Statistical Overview
- Model scores from NER and alias matching are model-estimated probabilities/likelihoods, not guaranteed frequentist probabilities; treat them as confidence signals.
- Thresholds set the operating point on the precision–recall curve; you should report both and select thresholds with validation data.
- If you blend signals (title hit, body mentions, proximity, symbol presence) via a weighted sum, state it as a heuristic composite unless weights are learned; optionally fit weights by logistic regression on a labeled subset.
- Takeaway: precise ticker attribution is a prerequisite for company-level features and is supported by recent work on extracting structured insights from raw articles.
Code Snippet
from utils.ticker_matcher import TickerMatcher
matcher = TickerMatcher()
article_title = "Apple Inc. announces new product launch"
article_content = "The new iPhone is expected to boost AAPL's revenue."
attributions = matcher.process_article(title=article_title, content=article_content)
for attr in attributions:
print(f"Ticker: {attr.ticker}, Relevance: {attr.relevance_score}")
Academic Reference
Loughran & McDonald (2011) highlight the need for domain-specific entity recognition in financial text to improve attribution accuracy.
3. Targeted Sentiment Analysis
Methodology
Apply FinBERT to analyze headline sentiment and sentence-level sentiment for ticker mentions, blending scores with calibrated confidence weighting.
Statistical Overview
- FinBERT (finance-adapted) is appropriate for domain text; compute sentiment at the sentence(s) mentioning the target ticker to avoid cross-talk.
- Empirical evidence suggests body/content sentiment tends to be more informative than headlines. <- This feature will be incorporated in the next phase - currently it’s mostly focused on headlines.

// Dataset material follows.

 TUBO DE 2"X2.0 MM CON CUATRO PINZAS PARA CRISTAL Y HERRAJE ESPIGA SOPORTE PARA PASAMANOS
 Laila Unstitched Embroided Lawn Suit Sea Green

- If you use “confidence” (softmax probability) as a weight, note that neural confidences are often miscalibrated; adopt temperature scaling or isotonic regression on a validation set before using them as reliability weights. <- Not fully tested within the current setup. Still working on it.
- Takeaway: target-aware sentiment + calibrated confidence yields a more defensible numerical feature than headline-only polarity.
Code Snippet
from data.sentiment_analyzer import FinBERTSentimentAnalyzer
analyzer = FinBERTSentimentAnalyzer("ProsusAI/finbert")

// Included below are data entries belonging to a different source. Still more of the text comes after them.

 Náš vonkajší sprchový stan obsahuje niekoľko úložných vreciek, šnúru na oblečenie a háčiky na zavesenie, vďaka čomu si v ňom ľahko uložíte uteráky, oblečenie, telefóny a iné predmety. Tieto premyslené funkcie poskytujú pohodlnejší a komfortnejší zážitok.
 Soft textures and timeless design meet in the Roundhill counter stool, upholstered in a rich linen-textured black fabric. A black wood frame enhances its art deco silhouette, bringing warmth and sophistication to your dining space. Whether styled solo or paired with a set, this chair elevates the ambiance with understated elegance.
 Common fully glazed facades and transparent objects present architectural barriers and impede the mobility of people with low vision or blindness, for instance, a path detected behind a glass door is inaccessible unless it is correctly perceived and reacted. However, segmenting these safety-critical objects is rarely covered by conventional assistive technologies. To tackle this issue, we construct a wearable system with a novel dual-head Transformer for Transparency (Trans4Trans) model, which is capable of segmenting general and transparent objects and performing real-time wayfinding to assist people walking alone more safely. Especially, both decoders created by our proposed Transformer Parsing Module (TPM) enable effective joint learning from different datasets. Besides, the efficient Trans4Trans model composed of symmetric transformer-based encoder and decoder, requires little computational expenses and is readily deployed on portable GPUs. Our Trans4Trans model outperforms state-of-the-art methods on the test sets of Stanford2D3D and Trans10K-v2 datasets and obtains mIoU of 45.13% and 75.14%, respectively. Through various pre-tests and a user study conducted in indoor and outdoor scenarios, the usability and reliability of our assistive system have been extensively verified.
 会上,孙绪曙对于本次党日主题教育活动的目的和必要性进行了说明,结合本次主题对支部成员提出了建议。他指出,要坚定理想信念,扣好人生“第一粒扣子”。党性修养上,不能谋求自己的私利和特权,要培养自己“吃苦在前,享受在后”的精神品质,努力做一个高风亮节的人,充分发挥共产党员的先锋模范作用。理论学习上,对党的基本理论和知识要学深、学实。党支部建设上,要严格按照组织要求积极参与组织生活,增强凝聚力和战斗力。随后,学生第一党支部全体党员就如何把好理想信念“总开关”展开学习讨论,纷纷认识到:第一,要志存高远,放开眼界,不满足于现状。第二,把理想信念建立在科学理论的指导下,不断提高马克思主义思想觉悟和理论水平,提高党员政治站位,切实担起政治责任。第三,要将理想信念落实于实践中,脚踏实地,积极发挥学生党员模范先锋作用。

headline = "Apple shares soar after record iPhone sales"
sentiment = analyzer.analyze_headline_sentiment(headline)
print(f"Sentiment score: {sentiment.sentiment_score}, Confidence: {sentiment.confidence}")
Academic Reference
Ke et al. (2019) demonstrate that targeted, fine-grained sentiment analysis outperforms headline-only approaches in forecasting stock returns.
4. XGBoost Forecasting
Methodology
Train an XGBoost regression model on engineered features including NLP signals to predict next-day stock returns.
Statistical Overview
- XGBoost fits trees to residuals under a specified loss (e.g., squared error), with shrinkage, subsampling, and depth constraints acting as regularizers that reduce overfitting.

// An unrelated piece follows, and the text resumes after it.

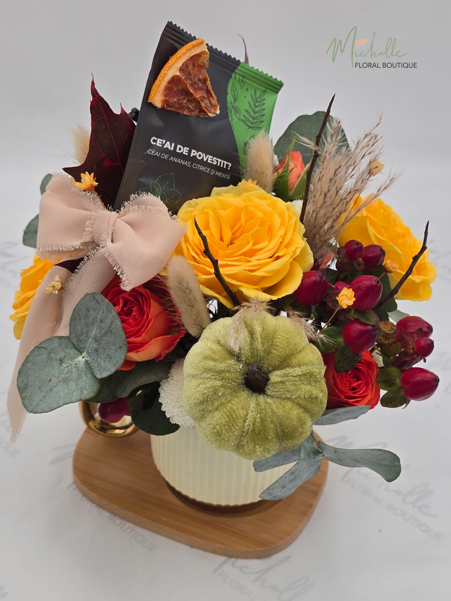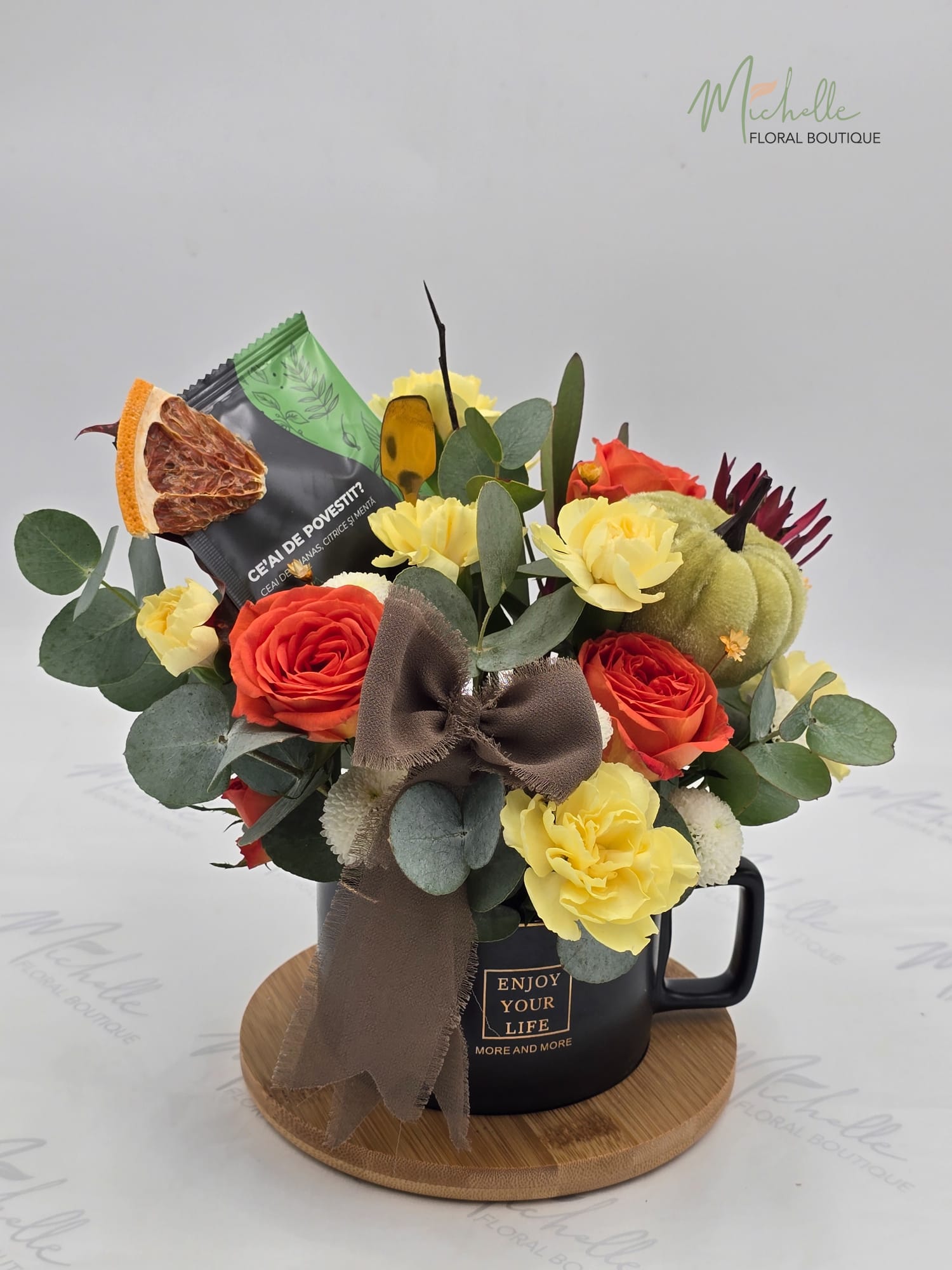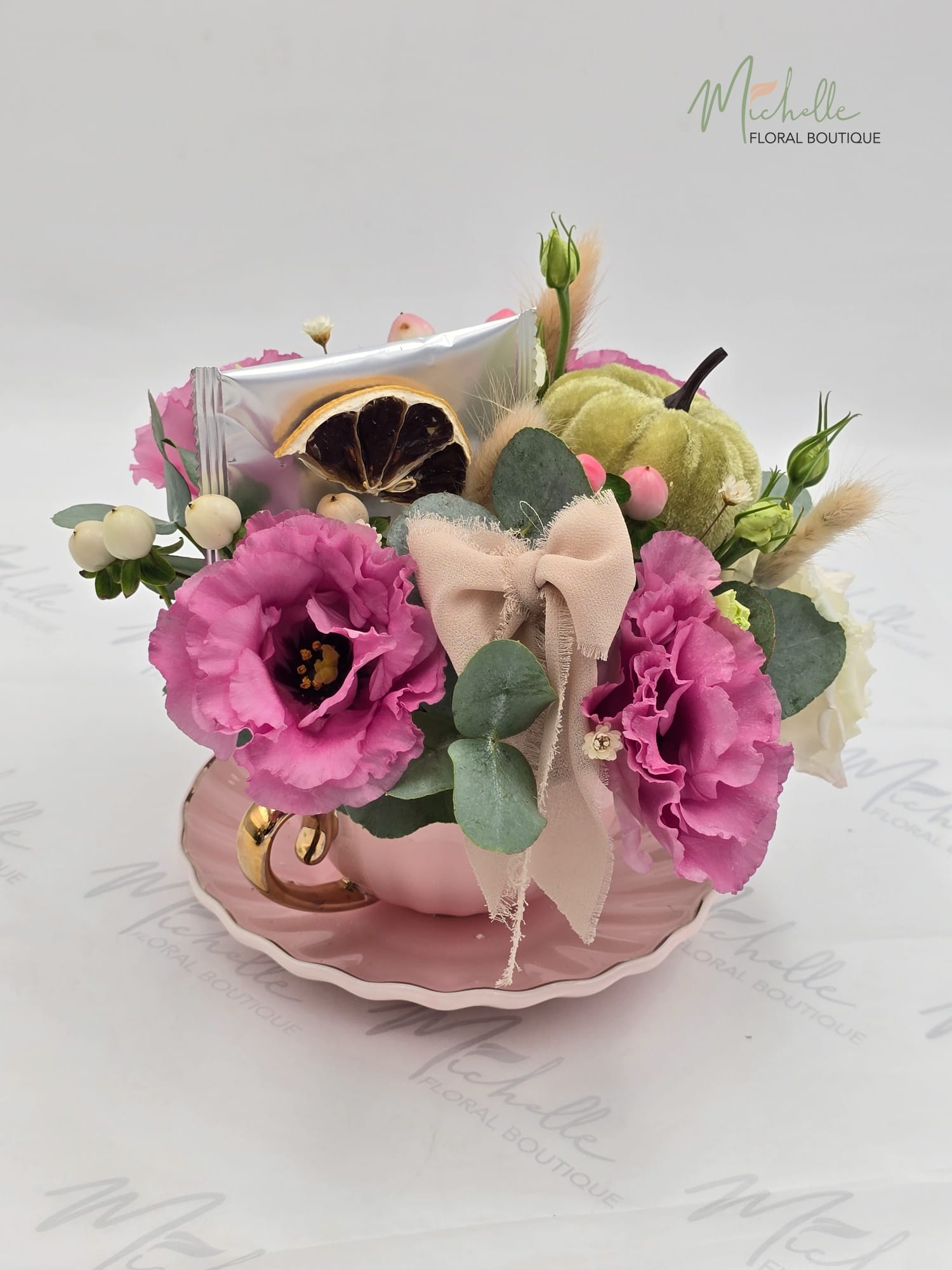 Cescute elegante din ceramica, insotite de un buchet parfumat si un plic de ceai.

- Sample weights re-weight the empirical risk; using higher weights for “high-confidence” news can help if and only if confidence correlates with label accuracy (hence the calibration step above).
- Takeaway: calibrated, high-quality features + regularized boosting can provide competitive baselines in financial prediction tasks.
Code Snippet
from models.xgb_forecaster import XGBoostForecaster
import numpy as np
forecaster = XGBoostForecaster()
X_sample = np.random.rand(1, 22) # Example feature vector with 22 features
prediction = forecaster.predict(X_sample)
print(f"Predicted return: {prediction[0]:.4f}")
Academic Reference
Ke et al. (2019) validate gradient boosting methods combining textual and numeric features for superior return prediction.
Limitations & Validity Checks
Potential Risks
- Look-ahead bias: Ensure that news ingestion timestamps precede market data cutoffs.
- Data leakage: Prevent overlap between training and validation via careful temporal splits.
- Duplicate handling thresholds: Verify that aggressive deduplication doesn’t remove distinct but related stories.
- Confidence calibration: Uncalibrated confidences can mislead weighting schemes; validate with held-out sets.